This morning, I picked a flowering branch from the camellia (needs pruning) and two from the forsythia (always need pruning) - but there is one spring flower that won't be touched.
The trout lily (seen here in a photo from the Carrboro Citizen) or dog-tooth violet or fawn lily or adder's tongue - that last the name I learned as a child in western New York - is a spring ephemeral, a small bulb that gives rise to a flower that lasts only a day or a few days. This is one of the great beauties, with a dangling single flower in clear yellow, the back of the petals shadowed in russet. The leaves are mottled with a brown pattern that gave rise to the name - supposedly, spotted adders or puff adders would hide in these patches of camouflage leaves. That never stopped me from picking the flowers by the (child-sized) fistful.

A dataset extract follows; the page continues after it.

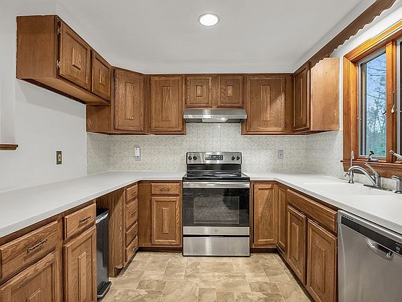 Welcome to this charming 3-bedroom home, nestled on a spacious 1+ acre lot. This lovely home boasts hardwood floors throughout the bedrooms and dining room and brand-new carpeting in the cozy living room with a wood stove, ideal for relaxing with family and friends. Enjoy the expansive, eat-in kitchen, offering plenty of space for cooking and casual dining. For more formal occasions you'll appreciate the pellet stove in the dedicated dining room. This home also offers a bonus sunroom off the eat-in kitchen. Downstairs, an unfinished basement provides excellent potential for future expansion, the laundry area and the entrance to the two-car garage. The septic system was replaced in 2016. With plenty of outdoor space to enjoy, this property offers endless possibilities for your new home!

But I won't pick the flower that is starting to lift from one of two bulbs planted in my strip of woods at the back of the lot.
I salvaged these bulbs from the Bicentennial Gardens. Liberated. Removed. Saved. Over the past couple of years, the woodland garden there has been systematically treated with herbicides, I imagine in the service of replanting. Still, it was a shock to see the trout lilies, bloodroot, Virginia bluebells and others laying waste. I found two trout lilies in the boundaries of the footpath and reasoned that, if they had not already died from the herbicide, they would soon be trampled. I pushed them out of the mulch with a pointed stick and carried them away to replant.
Last year's heat and drought surely killed the bulbs, I thought. Yet when I went to inspect the birdhouses, familiar leaves had pushed through the leaf litter. And now a bud.
These little plants are precious to me. They remind me of my childhood, spent running barefoot through second-growth woods. And they remind me of the toughness of even the most ephemeral of joys.